Intuitively: the terms become arbitrarily close to one another, without reference to any limit.

Theorem. Every convergent sequence of real numbers is a Cauchy sequence.

Proof. Suppose $(a_n) \to L \in \mathbb{R}$ : for every $\varepsilon > 0$ there exists $N$ with $|a_n - L| < \varepsilon/2$ for all $n \ge N$ . For any $m, n \ge N$ , the triangle inequality gives:

$|a_m - a_n| = |(a_m - L) - (a_n - L)| \le |a_m - L| + |a_n - L| < \frac{\varepsilon}{2} + \frac{\varepsilon}{2} = \varepsilon.$

Hence $(a_n)$ is Cauchy. $\blacksquare$

Importance of the Cauchy condition.

Intrinsic convergence test. Cauchy’s condition uses only the terms of the sequence — no prior knowledge of the limit. This allows us to establish convergence even when the limit is unknown.
Completeness of $\mathbb{R}$ . The converse (every Cauchy sequence in $\mathbb{R}$ converges) is the completeness of $\mathbb{R}$ . Together:

$\text{a real sequence converges} \iff \text{it is Cauchy.}$

$\mathbb{Q}$ is not complete. The decimal truncations of $\sqrt{2}$ form a Cauchy sequence in $\mathbb{Q}$ but converge to an irrational; completeness is a special feature of $\mathbb{R}$ .
Foundational role. Completeness underlies convergence of series (Cauchy series test), uniform convergence, Cantor’s construction of $\mathbb{R}$ from $\mathbb{Q}$ , the Banach fixed-point theorem, and the general theory of Banach spaces.

$\boxed{\text{Real sequence converges} \iff \text{Cauchy} \quad (\text{completeness of } \mathbb{R}).}$

Common Traps

Use $\varepsilon/2$ (not $\varepsilon$ ) in the triangle inequality step; otherwise the bound gives $2\varepsilon$ and a separate $\varepsilon \mapsto \varepsilon/2$ substitution is needed.
The importance section must include completeness and a $\mathbb{Q}$ -counterexample for full marks; omitting it loses the third of the answer.

Marks-Aware Writing

10-mark answer (cauchy-contraction): Four steps — geometric iteration, telescoping bound, send to zero, $\varepsilon$ - $N$ conclusion. Each step needs one or two lines of algebra. Handle $D=0$ in one sentence.

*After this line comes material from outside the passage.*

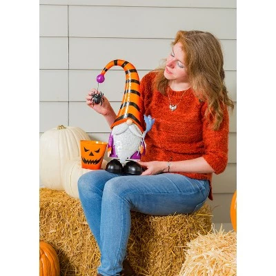 - This charming gnome is dressed as a warlock and features plenty of fun Halloween accents including a dangling spider, ghost, and jack-o-lantern planter.
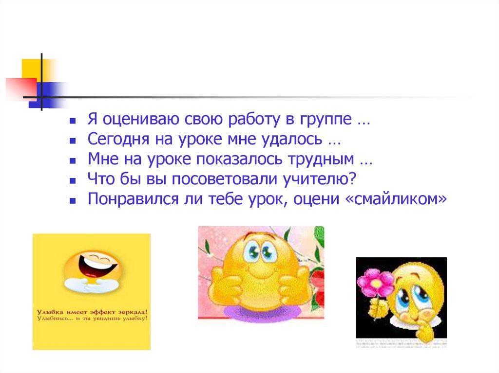 Понравился ли тебе урок, оцени «смайликом»

15-mark answer (cauchy-criterion): State Cauchy’s principle first (2 lines), establish $k! \ge 2^{k-1}$ by induction (4 lines), bound $|f_m - f_n| < 1/2^{n-1}$ (3 lines), choose $N$ and close (3 lines).

15-mark answer (cauchy-convergent-proof): Three sections of roughly equal length — definition (3 lines), theorem + proof (5 lines), importance (6–8 lines covering at least 3 points). The importance section carries roughly a third of the marks.

Practice Set

2020-P2-Q1c (10 m) — — Hint: iterate $d_n \le \alpha d_{n-1}$ to $d_n \le \alpha^{n-1}D$ ; the final bound on $|a_m - a_n|$ must be free of $m$ .
2024-P2-Q2a (15 m) — — Hint: use $k! \ge 2^{k-1}$ to reduce to a geometric tail; state Cauchy’s principle first.
2025-P2-Q2a (15 m) — — Hint: three-part structure — definition, $\varepsilon/2$ proof, importance with at least three enumerated points.